Когда Паверо спустился из барки, высоко держа голову, рабы и храмовые стражники поклонились ему, и он в молчании прошел на мол. Эффект, вообще-то, оказался бы большим, если бы жрец не ступил обутой в сандалию ногой в свежий конский навоз, оставшийся после проехавшей мимо колесницы. Резко остановившись и посмотрев вниз, немолодой чиновник пробормотал не самое богомольное слово.
Над причалом разнесся смех Пасера.
— Это должно научить вас не заноситься, Паверо. Вы кончите тем, что вляпаетесь в дерьмо.
Глаза западного градоправителя стали плоскими и угрожающими, как глаза кобры.
— Тогда я должен опасаться своего уважаемого собрата. Ведь он сам вышел из дерьма, — сказал Паверо, когда слуга его ринулся, чтобы отчистить сандалию господина.
Во всеобщем неловком молчании Пасер снова громко рассмеялся, как будто оценив прекрасную шутку. Только Ненри распознал в этом смехе холодный, едва уловимый гнев.
— Я никогда не скрывал отсутствия у меня родословной, господии градоправитель, — произнес Пасер. — Все знают, что вы благородного происхождения, в то время как я едва сводил концы с концами. Но вот здесь мы на равных, на одинаковых должностях.
— На равных? — задумчиво повторил Паверо. — Да. И все мы находимся пред лицом богов. Даже сам великий…
— Что ж, мой собрат сам должен сказать об этом фараону. У меня на такое не хватит смелости.
Пасер приказал слугам поставить носилки на землю. После нескольких неудачных попыток ему, наконец, удалось встать с сиденья и устремиться туда, где стоял Паверо.
Контраст между ними никогда еще не был так очевиден, как в этот миг. Худой и тучный, надменный и простой, высокий, как тростник — и крепко сбитый, как борец. Однако их связывало нечто более важное: чистая и неизбывная ненависть друг к другу.
Пасер протянул руку, чтобы Паверо на нее оперся. Вместе они поднялись по длинному скату, который вел в Храм Правосудия Маат. Каждый сжимал одинаковый официальный жезл. Всем, кто видел их издалека, градоправители могли показаться самыми сердечными друзьями. Но Ненри втайне вспоминал напыщенный и осторожный танец ухаживания, который выполняли некоторые пауки в пустыне. Вслед за этой грациозной работой ног часто следовала смерть, а не спаривание.
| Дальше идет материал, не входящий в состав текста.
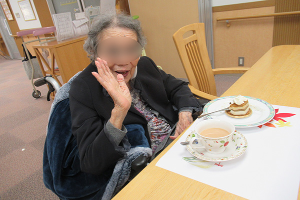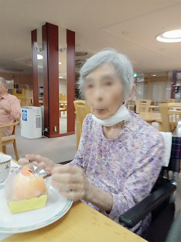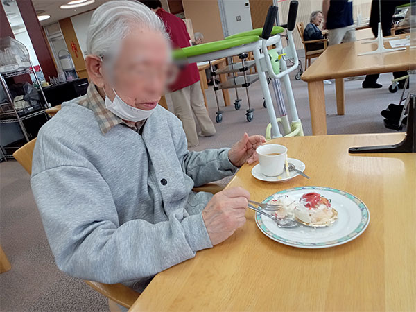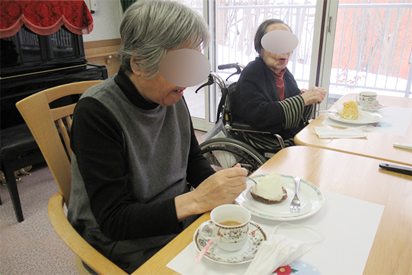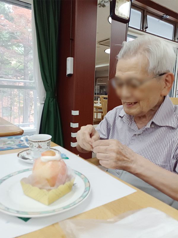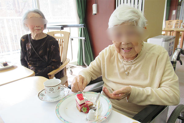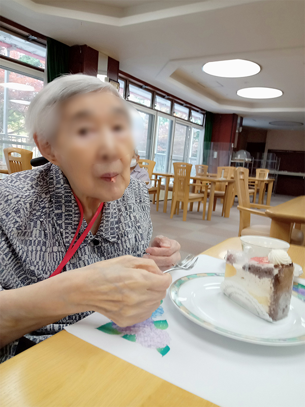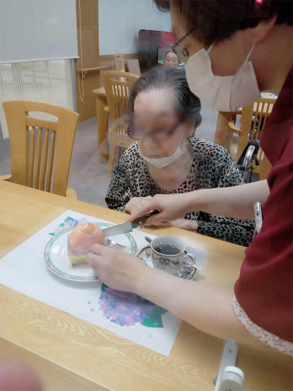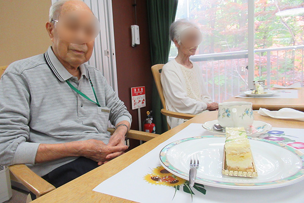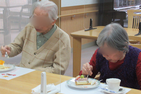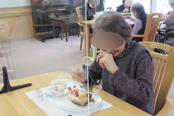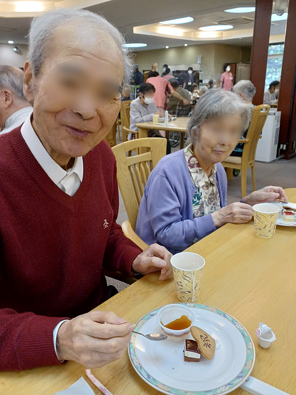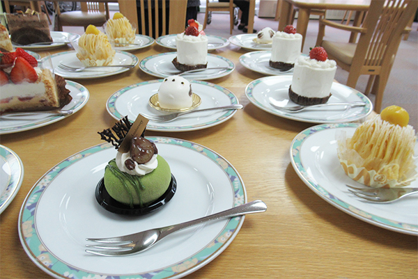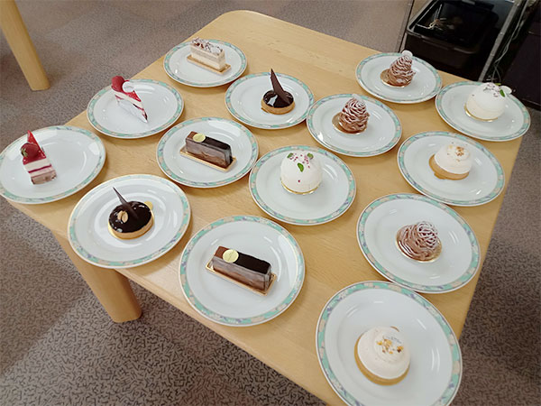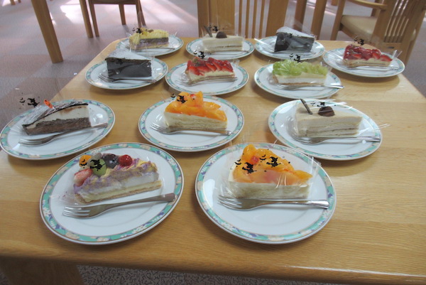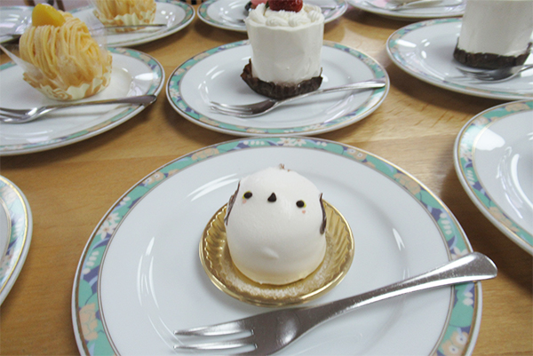 | 今月は、パティスリー・アカツキのケーキを準備してアイムス喫茶を行いました。 可愛いクマ、ハリネズミのケーキもあり「可愛いから何処からたべようか」と迷われている方 定番のイチゴショート、モンブラン、季節のケーキを食べて 今日のケーキは軽くて食べやすくて美味しいと笑顔で話され、入居者同士の会話も弾み 楽しい時間を過ごされていました。 |
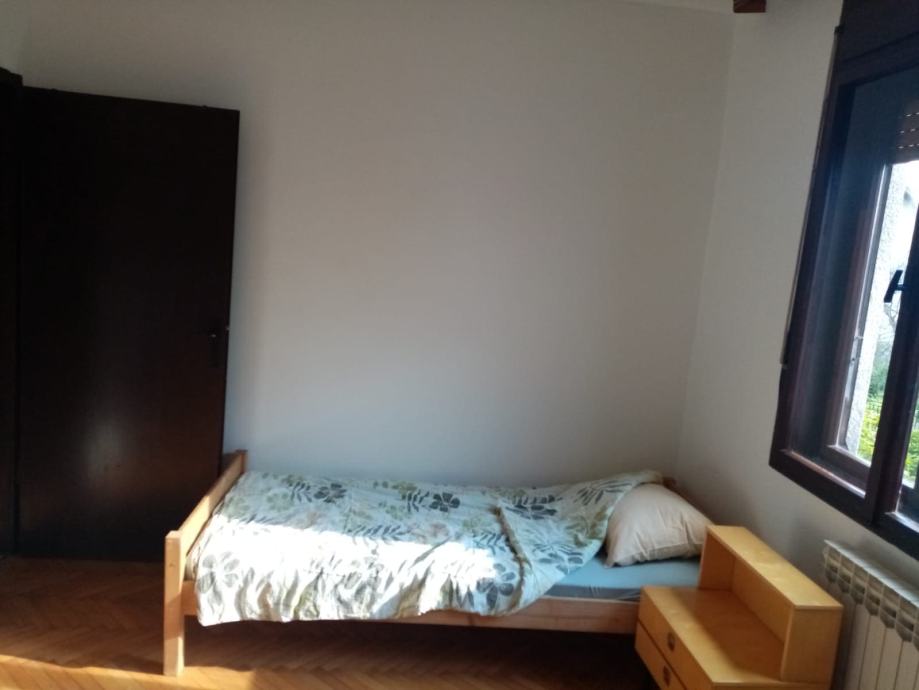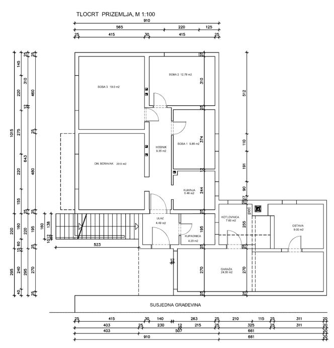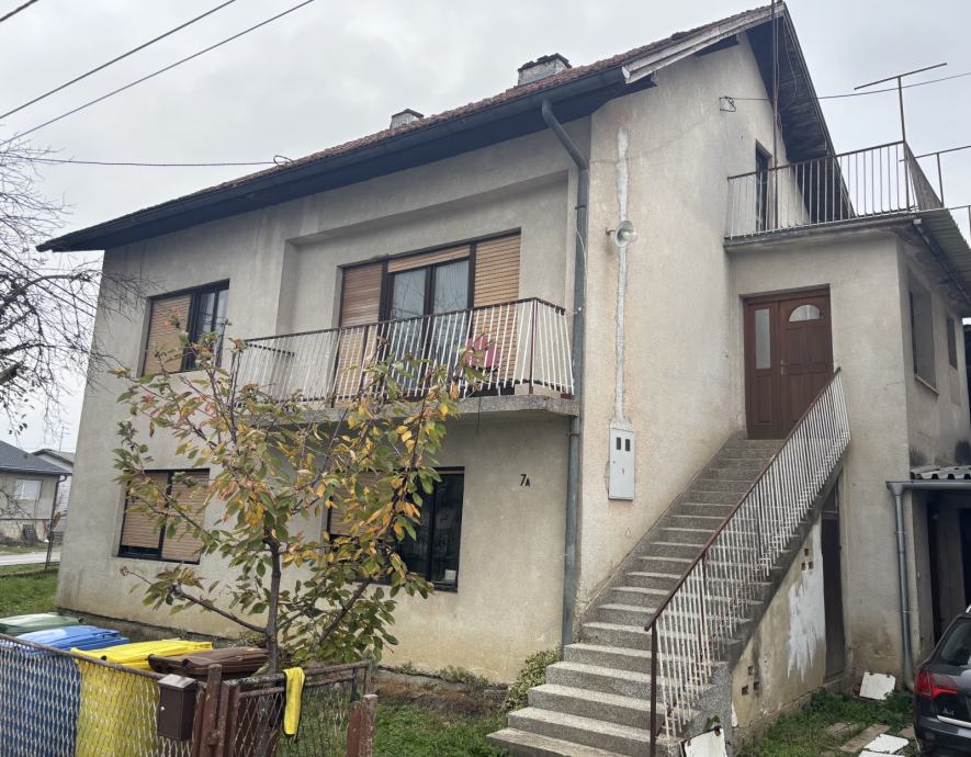 Kuća se sastoji od stana na prizemlju(86m2) i katu(90m2) i neuređenog tavana, te pomoćnih prostorija garaže, kotlovnice i spremišta od ukupno 41m2.

Министр принял двух чиновников в обычной храмовой передней, предназначенной для таких встреч. Снаружи ждала длинная очередь просителей и тяжущихся. Криками и мольбами они всеми силами пытались привлечь внимание начальника, ведь Тох в последнее время нечасто бывал в Фивах. Вместо этого он оставался в Пер-Рамзесе — северной столице, где жил фараон. Если просителям не удавалось донести свои мольбы до ушей министра или его подкупить, могли пройти недели или месяцы, прежде чем Тох снова появится на юге.
Министр был сморщенным стариком лет семидесяти, даже старше своего друга фараона. Он медленно подковылял к креслу, махнув рукой в сторону тяжущихся, и обменялся приветствиями с градоправителями. Потом слабым голосом Тох приказал рабу подать чашу с вялеными финиками и другими лакомствами. После было подано пиво, смешанное с пальмовым вином — самым крепким напитком.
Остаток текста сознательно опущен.